When DJ floated the idea of travelling to Istanbul in January 2019, I did not fancy it at all. January was going to be cold and wet and that’s not how I envisioned my time in Turkey.
Reluctantly I agreed and on a mid January evening, we were on the flight to Istanbul. When we landed at Ataturk airport, I did not get a sense of elation that I sometimes feel when landing in a new place.

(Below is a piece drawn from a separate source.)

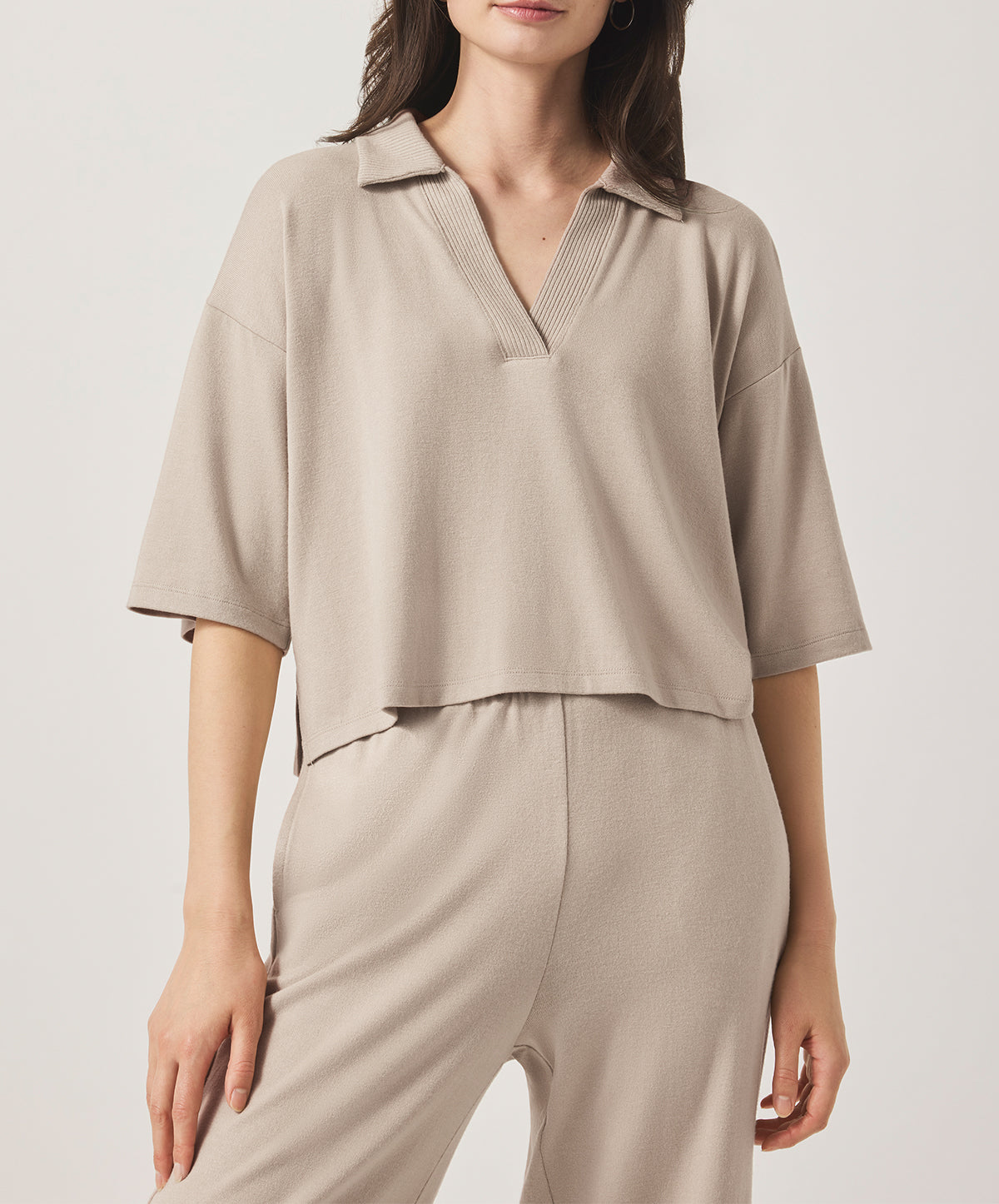 A comfortable way to look smart, Splendid’s Brooke Polo is made from stretch crepe jersey that has a soft and smooth hand-feel.

We arrived at our Airbnb in Cihangir which offered a sweeping view of the Bosphorus. I had read and heard so much about it by now that I couldn’t help but smile when I caught a first glimpse of the river. Soon, we stepped out for breakfast, a short 10 min walk from where we were staying – to Kahve 6 Cihangir. The walk itself in the cold 3 degrees centigrade and at a slight elevation was refreshing – although just a tad strenuous after 18 hrs of travel. And the Kahve itself with the cozy seating at the back and the obese cat who sauntered around was inviting and the breakfast platter, simply irresistible.
The Fat Cat at Kahve 6
Later in the day, we took the tram to Eminönü Square and from there strolled on the Galata Bridge. It’s an iconic bridge where you can witness a buzz of activity – ferries and cargo ships plying in the river, men fishing on the bridge and further ahead, a small cluster of stalls selling seafood sandwiches and of course the cacophony of the gulls circling above them.
We walked further and after going through a a maze of an open street market, arrived at the Spice Bazaar. It was crowded but alive with the calls of spice peddlers who invited you to smell the spices and taste the different types of teas. On occasion you would see a tea vendor walking around selling çay to the shop keepers. We realised, the Turks love their chai just as Indians do.

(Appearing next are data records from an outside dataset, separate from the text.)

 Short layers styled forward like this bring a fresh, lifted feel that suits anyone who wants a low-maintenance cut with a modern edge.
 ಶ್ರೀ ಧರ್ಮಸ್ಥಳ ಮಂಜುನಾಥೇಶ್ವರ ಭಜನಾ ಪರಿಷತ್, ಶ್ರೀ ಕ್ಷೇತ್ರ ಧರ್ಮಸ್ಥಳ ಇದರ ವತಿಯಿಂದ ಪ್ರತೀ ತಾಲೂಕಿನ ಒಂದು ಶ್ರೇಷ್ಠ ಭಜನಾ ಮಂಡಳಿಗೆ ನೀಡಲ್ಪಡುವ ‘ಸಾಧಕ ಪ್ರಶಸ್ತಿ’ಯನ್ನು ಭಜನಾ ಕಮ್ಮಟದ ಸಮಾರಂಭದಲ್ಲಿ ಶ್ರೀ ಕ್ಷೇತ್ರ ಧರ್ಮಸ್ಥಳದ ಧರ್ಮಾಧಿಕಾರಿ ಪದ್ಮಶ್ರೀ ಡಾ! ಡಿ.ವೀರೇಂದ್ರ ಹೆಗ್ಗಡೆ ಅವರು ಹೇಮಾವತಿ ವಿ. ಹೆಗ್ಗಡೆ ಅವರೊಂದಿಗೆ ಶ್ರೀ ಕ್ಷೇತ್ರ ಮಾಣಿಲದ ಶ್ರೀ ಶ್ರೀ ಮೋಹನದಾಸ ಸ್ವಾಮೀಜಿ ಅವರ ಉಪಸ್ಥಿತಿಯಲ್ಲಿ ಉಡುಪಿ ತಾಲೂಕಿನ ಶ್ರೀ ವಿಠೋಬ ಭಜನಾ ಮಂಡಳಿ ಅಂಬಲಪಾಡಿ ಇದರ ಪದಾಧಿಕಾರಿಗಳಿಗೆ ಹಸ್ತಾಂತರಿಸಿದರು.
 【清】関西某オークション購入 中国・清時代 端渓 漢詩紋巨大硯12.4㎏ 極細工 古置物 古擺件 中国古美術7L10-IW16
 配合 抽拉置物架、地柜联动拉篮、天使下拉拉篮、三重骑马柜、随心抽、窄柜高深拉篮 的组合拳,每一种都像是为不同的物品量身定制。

DJ being the foodie that he is, bought five different types of spices, a chilli paste and a tomato paste to take back home. Once done, we stopped for some hot and delicious Turkish Pizza aka Pide. The day was cold and overcast and by now it had started to drizzle. In this weather, the piping hot Pide straight out of a traditional oven felt heavenly. Come to think of it, winter has its charms.

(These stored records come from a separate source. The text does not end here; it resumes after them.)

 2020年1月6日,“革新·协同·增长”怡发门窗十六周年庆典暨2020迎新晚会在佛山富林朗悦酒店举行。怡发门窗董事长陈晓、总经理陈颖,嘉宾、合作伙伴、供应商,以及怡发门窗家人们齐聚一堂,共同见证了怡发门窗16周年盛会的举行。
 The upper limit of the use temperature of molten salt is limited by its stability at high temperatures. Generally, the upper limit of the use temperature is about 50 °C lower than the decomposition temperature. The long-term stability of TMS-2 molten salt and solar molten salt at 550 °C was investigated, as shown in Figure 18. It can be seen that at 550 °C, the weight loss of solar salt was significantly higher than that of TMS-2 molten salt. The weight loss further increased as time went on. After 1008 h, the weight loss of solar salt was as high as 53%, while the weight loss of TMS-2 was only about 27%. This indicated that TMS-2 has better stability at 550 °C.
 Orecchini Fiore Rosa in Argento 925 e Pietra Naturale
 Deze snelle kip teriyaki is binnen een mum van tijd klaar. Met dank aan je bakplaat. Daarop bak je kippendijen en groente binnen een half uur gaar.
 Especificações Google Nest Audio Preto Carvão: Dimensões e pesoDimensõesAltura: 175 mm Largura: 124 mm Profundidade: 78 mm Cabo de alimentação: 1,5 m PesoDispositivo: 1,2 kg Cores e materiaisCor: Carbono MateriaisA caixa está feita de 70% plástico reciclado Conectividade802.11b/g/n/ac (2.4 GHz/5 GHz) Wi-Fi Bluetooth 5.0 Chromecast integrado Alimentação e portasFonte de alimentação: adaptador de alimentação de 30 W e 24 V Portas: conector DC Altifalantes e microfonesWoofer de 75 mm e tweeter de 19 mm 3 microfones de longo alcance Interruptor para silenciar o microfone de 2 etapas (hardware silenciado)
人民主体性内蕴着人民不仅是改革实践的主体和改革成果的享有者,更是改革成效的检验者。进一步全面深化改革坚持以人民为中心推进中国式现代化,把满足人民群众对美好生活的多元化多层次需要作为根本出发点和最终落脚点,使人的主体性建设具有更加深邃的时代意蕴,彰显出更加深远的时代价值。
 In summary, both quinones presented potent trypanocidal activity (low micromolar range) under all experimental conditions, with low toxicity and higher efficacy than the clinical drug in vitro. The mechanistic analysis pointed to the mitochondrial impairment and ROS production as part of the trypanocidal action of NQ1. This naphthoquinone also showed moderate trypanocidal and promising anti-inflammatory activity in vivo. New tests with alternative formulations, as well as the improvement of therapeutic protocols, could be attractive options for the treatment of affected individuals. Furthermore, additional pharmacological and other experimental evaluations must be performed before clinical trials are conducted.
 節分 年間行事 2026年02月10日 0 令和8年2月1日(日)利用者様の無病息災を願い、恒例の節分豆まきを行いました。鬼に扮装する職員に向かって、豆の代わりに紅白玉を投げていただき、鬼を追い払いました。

As it was still drizzling, we decided to sit at a traditional hookah aka nargile hangout we had shortlisted to visit, called Anadolu. Turned out it was located close to the Spice Bazaar, inside an alleyway right behind a small cemetery. When we entered, it was warm, welcoming and glowing in the light of several turkish lamps, the walls adorned with turkish rugs and the smell of apple and tobacco hanging in the air. Anadolu had only three items on their menu – nargile, chai and coffee. We ordered a double apple nargile with chai and settled in for an hour.
By evening, the weather had cleared and we found ourselves back on the Galata Bridge, gazing at a glorious sunset with Süleymaniye Mosque giving us the perfect backdrop for taking some photos. Standing there, as my fingers froze with cold on my camera shutter, I reflected that Istanbul had grown on me.
That night in Karakoy – after a delectable meal of falafel pita pockets – I felt genuinely happy as we walked down a cobbled path, lit with the yellow light emanating from street lamps with the radiant Galata Tower standing tall behind us.
This was going to be a memorable trip to Turkey.